Scientific classification
- Kingdom: Plantae
- Clade: Tracheophytes
- Clade: Angiosperms
- Clade: Eudicots
- Clade: Asterids
- Order: Ericales
- Family: Ericaceae
- Genus: Styphelia
- Species: S. conchifolia
- Binomial name: Styphelia conchifolia (Strid) Hislop, Crayn & Puente-Lel.
- Synonyms: Leucopogon conchifolius Strid

= Styphelia conchifolia =

- Genus: Styphelia
- Species: conchifolia
- Authority: (Strid) Hislop, Crayn & Puente-Lel.
- Synonyms: Leucopogon conchifolius Strid

Species of plant

Styphelia conchifolia is a species of flowering plant in the heath family Ericaceae and is endemic to the south-west of Western Australia. It is an erect shrublet with many branches, more or less round leaves near the ends of branchlets, and white, tube-shaped flowers arranged near the ends of leafy twigs.

==Description==
Styphelia conchifolia is an erect, slender shrublet that typically grows to a height of 40–80 cm and has many branches.
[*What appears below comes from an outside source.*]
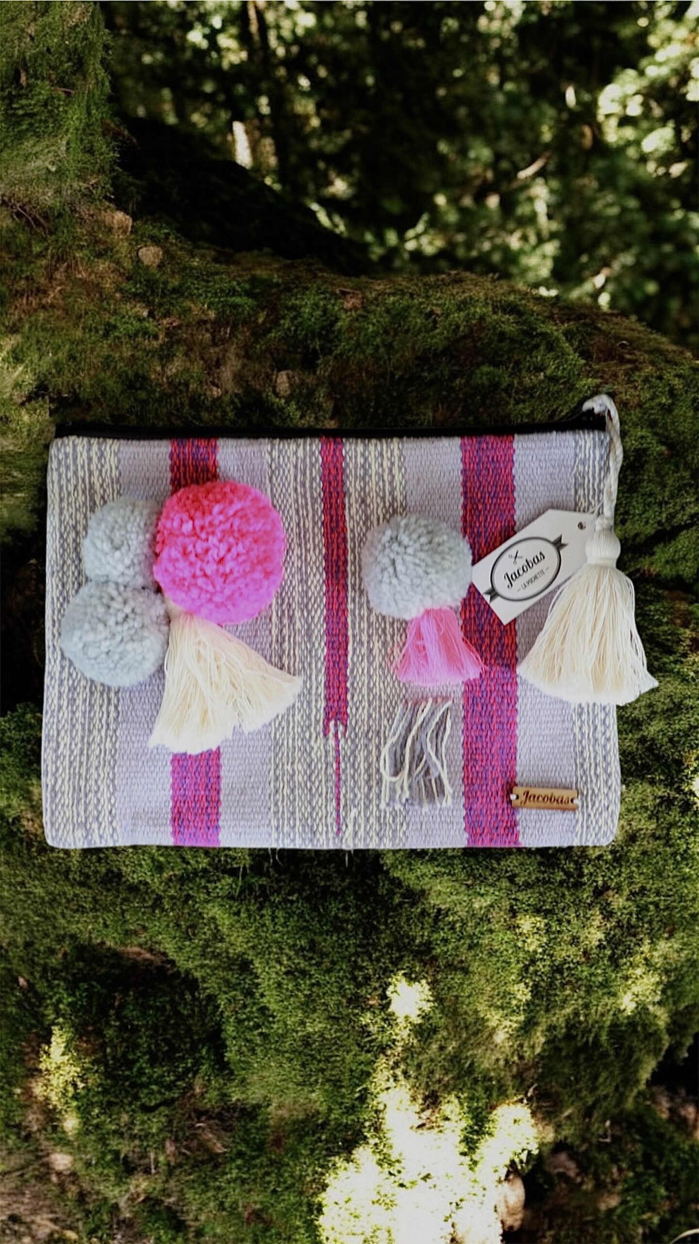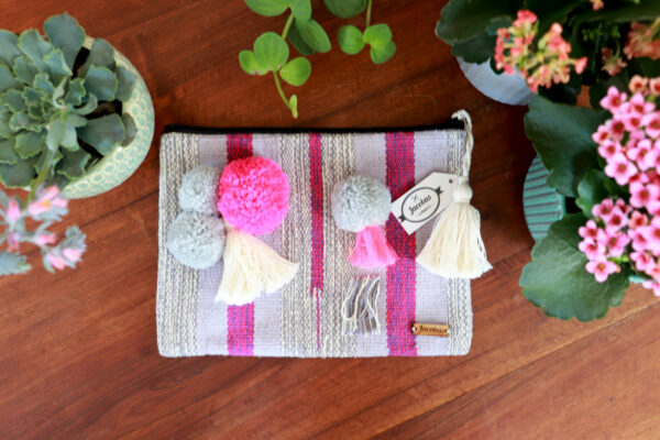 En savoir plus : Pochette à pompoms roses façon kilim – Atelier Jacobas
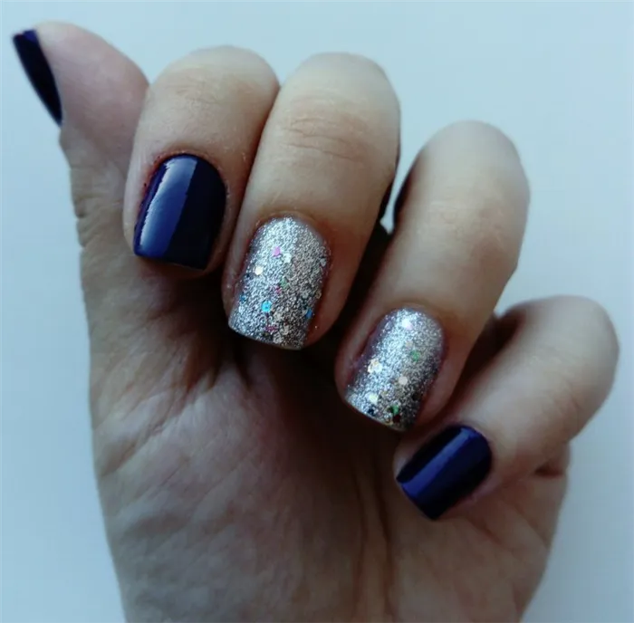 Серебристый лак, глиттер и блестки на ногтях: модные тенденции, фото 2022-2023

The leaves are more or less round, 2.2–3.0 mm long and wide on a petiole about 0.5 mm long. The flowers are arranged singly, in pairs or threes in leaf axils near the ends of branchlets, with small egg-shaped, pale green bracts and broadly egg-shaped to round bracteoles. The sepals are triangular, about 2.4 mm long, the petals white and joined at the base to form a tube 1.5–2.0 mm long, the lobes slightly longer than the petal tube and densely bearded on the inside. Flowering peaks in mid-March.

==Taxonomy and naming==
Styphelia conchifolia was first formally described in 1986 by Arne Strid in the journal Willdenowia from specimens he collected in the Fitzgerald River National Park in 1983. In 2020, Michael Hislop, Darren M. Crayn and Caroline Puente-Lelievre transferred the species to Styphelia as S. conchifolia. The specific epithet (conchifolia) means "oyster shell-leaved".

==Distribution and habitat==
This styphelia grows in heath in the Esperance Plains bioregion of south-western Western Australia.

==Conservation status==
Styphelia conchifolia is classified as "not threatened" by the Western Australian Government Department of Biodiversity, Conservation and Attractions.